This article is the second in an ongoing series, Science at the Cinema, that explores research and researchers portrayed in film.
“Interstellar,” the story of a perilous space journey, is a must-see film for its grand visual effects and far out ideas that bend space, time and the filmgoer’s mind.
The film, which received five 2015 Academy Award nominations and won the Oscar for best visual effects, places its characters in a future world that is nearly depleted of nutrients. Desperate to propagate the human race, a team of astronauts launches a mission to find a distant, potentially habitable planet. The main character, Cooper — played by Matthew McConaughey — leads the space travelers through a wormhole that eventually dumps them in deep space near an enormous black hole called Gargantua.
Though the laws of physics allow the astronauts to explore the far reaches of the universe, the same laws also end up creating immense social tension between the characters. Gargantua’s massive size causes gravitational time dilation, making time progress more slowly for the astronauts than it does for people on Earth. Strained by space and time, Cooper’s Earthly relationships deteriorate as his daughter ages more quickly than he does, eventually surpassing his own age.
Professor of Physics Brad Marston said the film’s representations of various physical phenomena seemed to be generated from a “gradient of speculations,” with some aspects of the movie being more scientifically plausible than others. The elongation of time is a well-known corollary of Einstein’s theory of general relativity, and the makers of Interstellar represented the distortion of time accurately with their portrayal of Gargantua, he added.
But other parts of the film, such as its representation of a higher-dimensional tesseract in which Cooper can observe instances — like the aging of his daughter — throughout time, are supported only by theoretical, not experimental evidence, Marston said. Though the possibility of a universe with more than four dimensions is consistent with current theoretical physics, the movie “takes this to an extreme limit,” he added.

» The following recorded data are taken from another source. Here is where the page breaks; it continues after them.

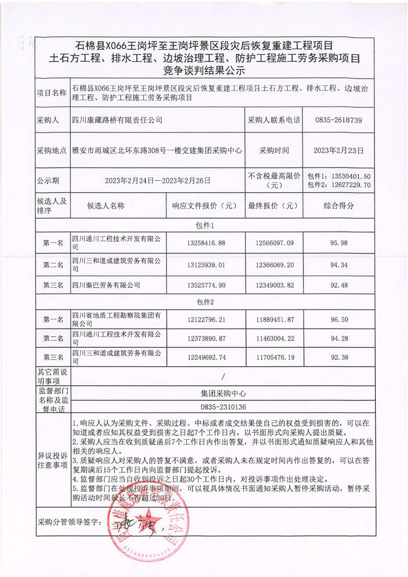 四川康藏路橋有限責(zé)任公司石棉縣X066王崗坪至王崗坪景區(qū)段災(zāi)后恢復(fù)重建工程項目土石方工程、排水工程、邊坡治理工程、防護(hù)工程施工勞務(wù)采購項目競爭談判結(jié)果公示
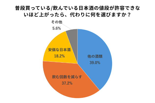 最も多かった回答はビールやワインなどの「ほかの酒類を飲む」で、39% を占めました。次いで、「飲む頻度を減らす」が37.2% 。「安価な日本酒を買う」と回答した人は18.2% にとどまりました。
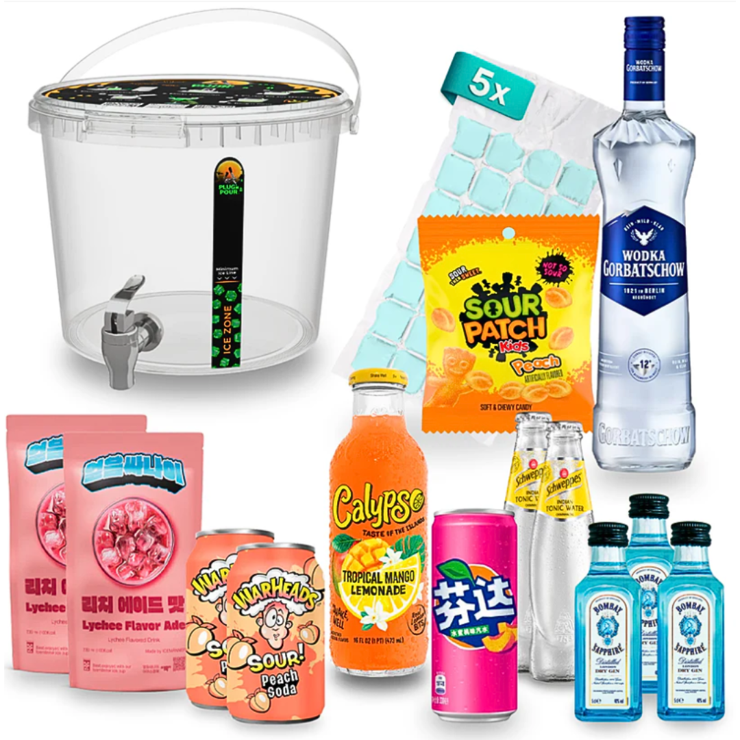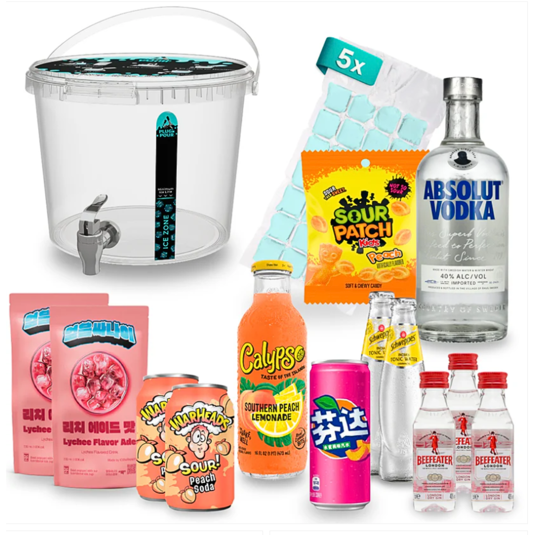 Der Sip Tank Peachi bringt die Sonne ins Glas! Diese harmonische Komposition aus Absolut Vodka (oder Gorbatschow, je nach Bundle), Litschi Ice, Sour Peach Soda, Calypso Peach, Fanta White Peach und einem Schuss Beefeater Gin sorgt für ein intensives Geschmackserlebnis zwischen süß, spritzig und leicht herb. Das Ergebnis: ein eiskalter, pfirsichfruchtiger Cocktail mit feinem Wodka- und Gin-Finish – perfekt zum Teilen mit Freunden oder als Highlight auf jeder Feier.
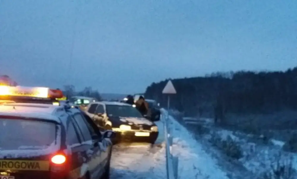 Na drodze z samego rana było lodowisko. Świadkowie mówią, że nie dało się jechać drogą. – Koła na zimowych kręciły się w miejscu, pod śniegiem był lód – napisał do nas jeden z kierowców.
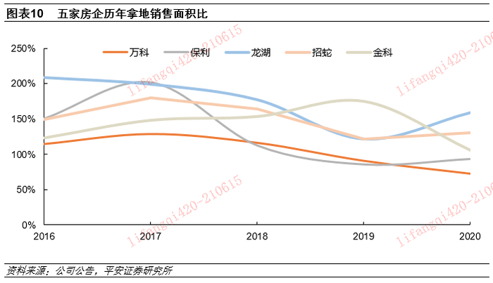从拿地规模看,龙湖近年投资积极,为销售增长补充弹药。2016-2020年,龙湖集团拿地销售面积比均超过120%,其中2020年为159%,在五家房企中排名首位。

The movie also capitalized on some interesting physical extensions of mathematical possibilities, but many of them were not grounded in realism, said Professor of Physics Ian Dell’Antonio. For instance, traveling through a wormhole is theoretically possible according to relativity, but the necessary conditions have not actually been observed in the universe, he said.
“A plot where the astronauts find a wormhole that can’t be traversed isn’t very interesting,” Dell’Antonio added.
Kip Thorne, a renowned theoretical physicist, was hired as the scientific consultant for the film and provided the scientific knowledge necessary to portray the large-scale phenomena in Interstellar. Marston, who was a student of Thorne’s, said he could see Thorne’s influence on the movie. It was apparent that the producers of Interstellar “strived much harder” to maintain scientific accuracy than the directors of other science fiction films, Marston said.
Though the filmmakers went the extra mile to increase scientific accuracy, they deliberately deviated from the truth at times, Dell’Antonio said. When Thorne worked out the math behind the visual imagery one would experience while traveling through a wormhole, it was too boring, so the filmmakers chose to enhance it for the viewers’ sake, Dell’Antonio said.
When talking to his colleagues about the film, Marston said he noticed that each professor had a criticism that was targeted at their particular field of expertise. For example, one person who primarily studies black holes found Gargantua to be problematic, while a geologist he talked to questioned the distant planet’s physical makeup.
Despite any stretches of scientific truth, a positive side effect of the movie is that it could enhance young students’ interest in physics, Marston said.